The U.S.-Mexico relationship is complicated by the open southern border that has been maintained over the past few years, and the effective partnership between the Mexican government and perhaps the nastiest criminal gangs in the world who effectively govern some of the northern Mexican provinces and conduct a massive slave-and-drug-importing business into the United States. The returning President Trump has made it clear that he will not tolerate any of this, that he will close the border, and that he will not hesitate to use the U.S. armed forces to protect the integrity of the country.
To the extent that this is a justified concern, our first priority should be—for our sake as well as that of the United States—as careful as reasonably possible about newcomers to this country from overseas. At this point, there’s no reason to be concerned that the United States is trying to keep law-abiding Canadians, who as a group spend billions of dollars in the United States every year, out of that country.

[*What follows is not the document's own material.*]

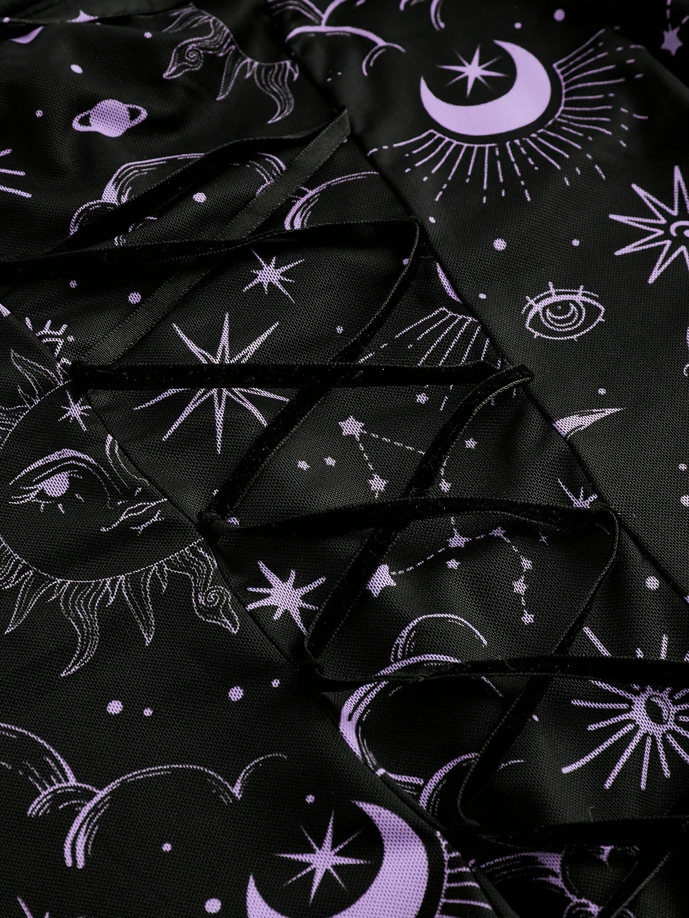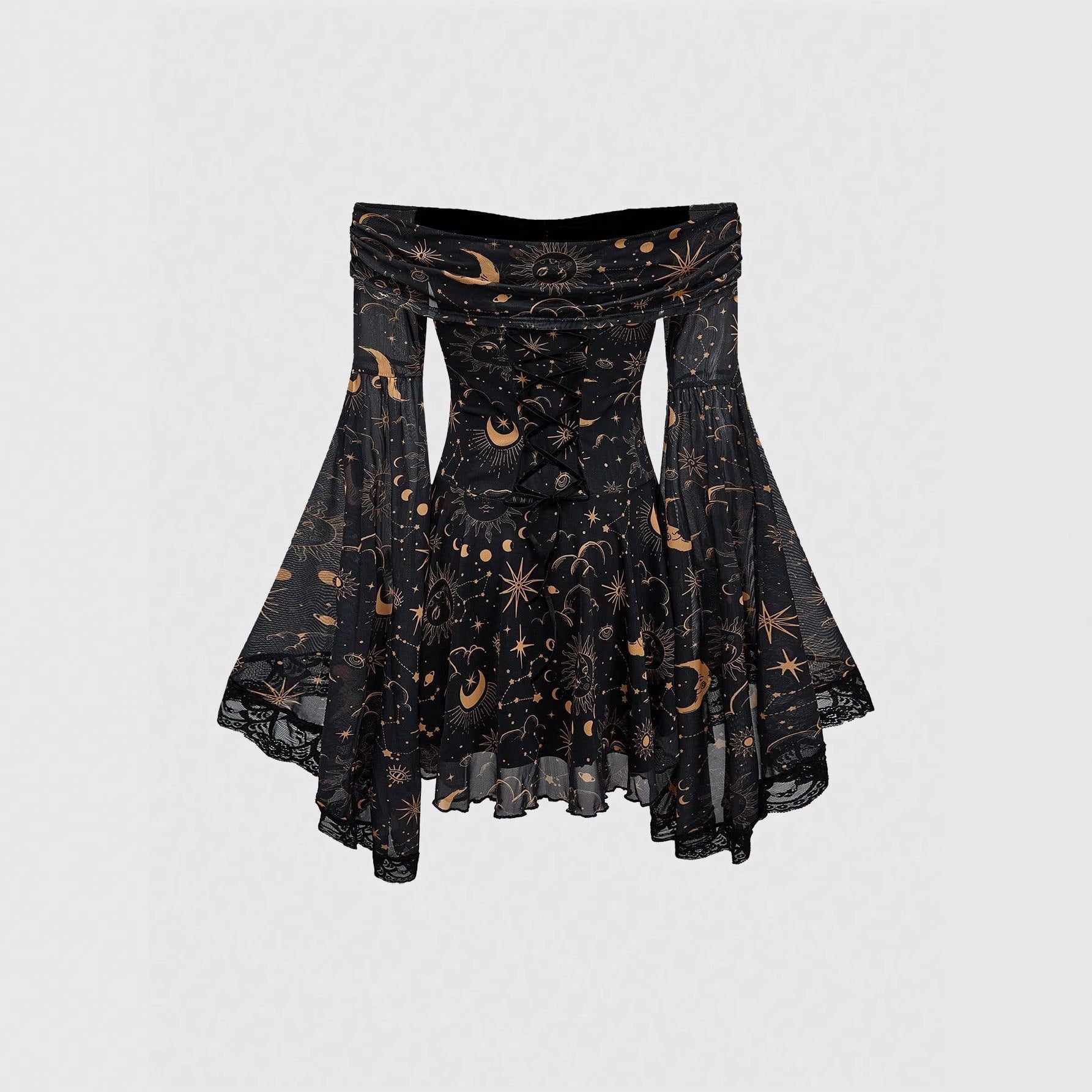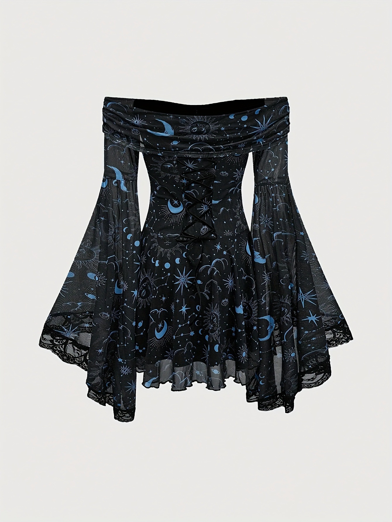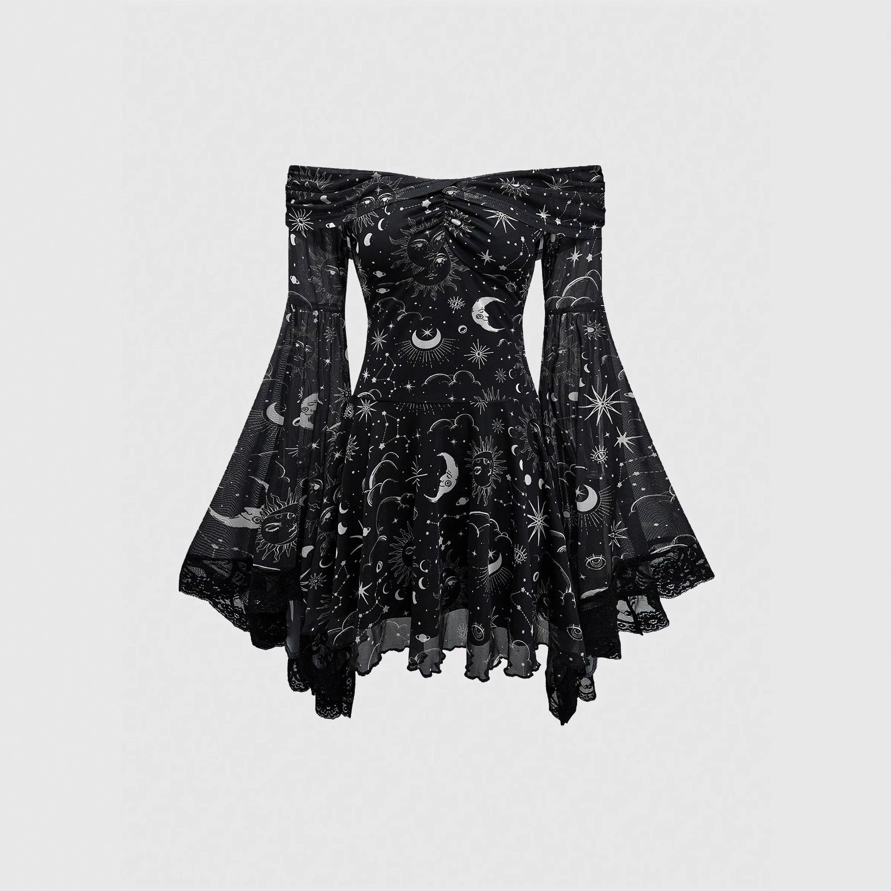 Off-the-shoulder Short Sleeve Flared Sleeves Mesh A- Line Dress
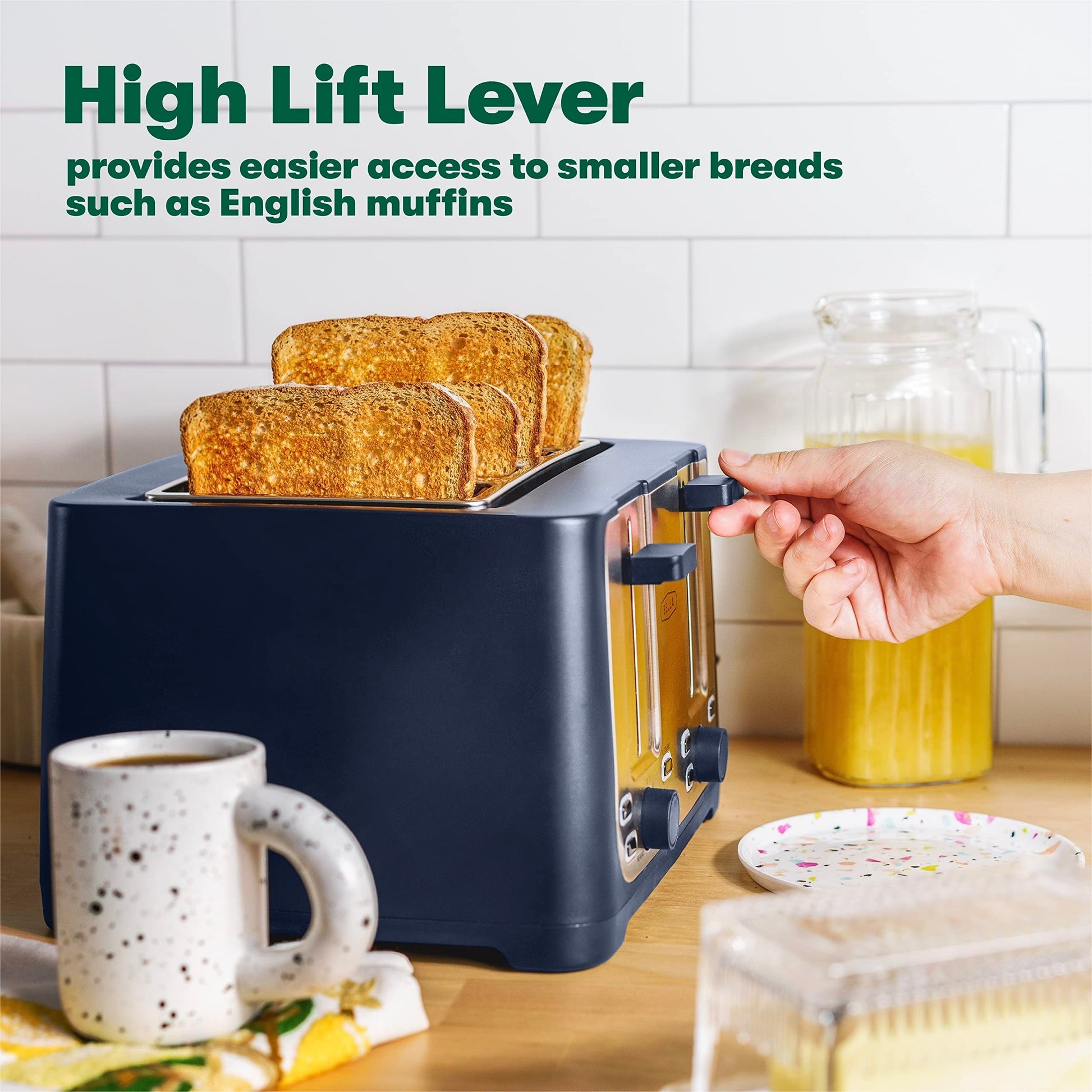 NETTOYAGE FACILE - Le levier de levage élevé du grille-pain portable facilite l'accès aux petits pains comme les muffins anglais, et le tiroir ramasse-miettes amovible assure un nettoyage impeccable. Des fonctions de sécurité comme l'arrêt automatique et l'anti-bourrage vous garantissent des matins sereins.

Anti-terrorist screening is something Canada should be doing without being prompted by a change of government in Washington.
All of this constitutes the transition in the economic ambience of this continent north of the Rio Grande River from night to day. Economics is essentially Grade 3 arithmetic and psychology, and the economic psychology that will be generated by the pro-growth Trump administration will roll over into Canada with greater demand for Canadian goods and resources. If we combine this, following our next election, with policies to encourage responsible development and export of resources and encourage a reversal in our present capital outflows and welcome foreign capital and retention of domestically generated income, we will be entering into the greatest period of economic growth in our modern history.
Neither Donald Trump nor any other American president since the War of 1812 has had any reason to consider Canada anything but a friendly and compatible neighbour. We have our differences with the United States from time to time, but when that country prospers, as it is about to, we benefit also.
There has also been some discussion about raising Canada’s contribution to military expenses to 2 percent of GDP as we have pledged to do. Defence is the most stimulative of all spending categories as it is heavily concentrated in high-technology areas, and an increase in military personnel exposes that section of the workforce to the most effective place for adult education. It is also entirely complementary to the long-forsaken task of building Canada’s influence in the world. The world respects military and economic power, not the appeasement of underdeveloped despotisms or attempts to be loved by the denizens of the sinkhole of pretension and national failure that is now the United Nations.
A Trump administration will be a good thing for Canada, not least because we will once again have determined leadership of the Western Alliance.